Baking bread out on the trail by wrapping the dough around a stick and holding it over a fire is something many of us have probably done as children. You don't have to bring oil as for making bannok and clean-up is a breeze: burn the stick!
I tried the following recipe this summer and found it quite tasty, does anybody else have some good recipes?

2 cups flour
1/2 Tbsp salt
1 Tbsp baking powder
1 Tbsp sugar
2 Tbsp dry milk
2 Tbsp flax seed

Mix with about 1 cup of cold water and knead into a stiff dough. Divide in half and wrap around two sticks. Toast like marshmallows. These are done when the bread can be easily pulled off the sticks. Fill the inside with jam etc, or split open for a less messy method.
Feeds one hungry person.

----------


## crashdive123

I've used a similar recipe, substituting grated parmesian cheese for the flax seed and sugar.  Yummy.

----------


## Ameriborn

Is this something you would actually eat, or only if you were out in the woods? 

Sounds like it would be good (With the cheese, don't know what flax seed)

----------


## crashdive123

You don't have to be out in the woods to enjoy it.  As far as flax seed, it's great to add to breads IMO.

----------


## Beo

Another way we make trail bread on a stick on a historical trek is like this:
Baking bread on a stick for two portions you will need 2cups flour,1/2teaspoon salt, 4tablespoons powder milk, and 2 teaspoons baking powder. Mix all dry ingredients at home in a bag. In camp add just enough water to make a stiff, somewhat sticky dough.
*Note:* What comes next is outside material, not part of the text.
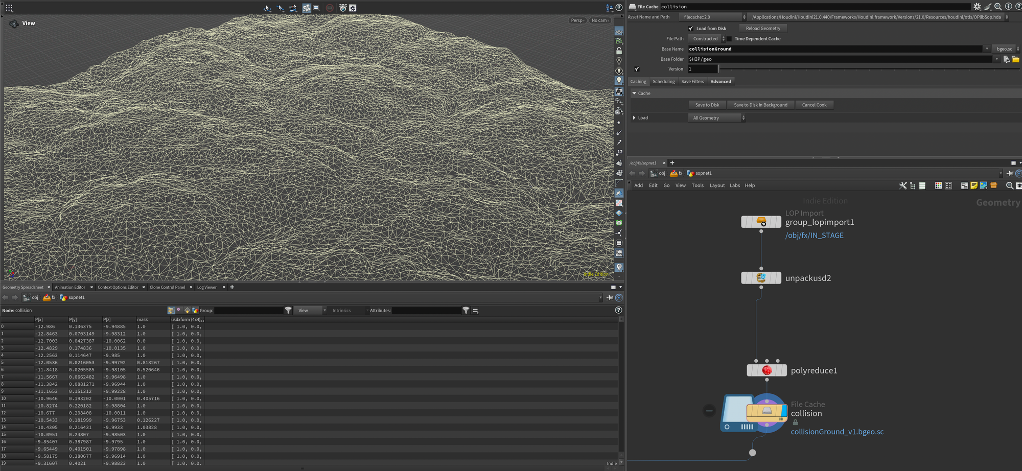 Next up I want to load in the ground geometry. This is a little simpler, I added a LOP Import targeting the ground primitive, used a Unpack USD To Polygons node to unpack it, and finally added a Poly Reduce to lower to poly count significantly as the mesh was pretty heavy.

Roll dough bewteen hands like a snake flaten bewwteen hand so it is about 1in. by 1/2in. thick then spiral around a debarked green hardwood stick. Then simply suspend the work over a bed of coals, turning it frequently until the dough puffs up and turns golden brown. Just break off a big pieces and smear with butter, honey or mop up some good gravey.... good eats on the trail.

----------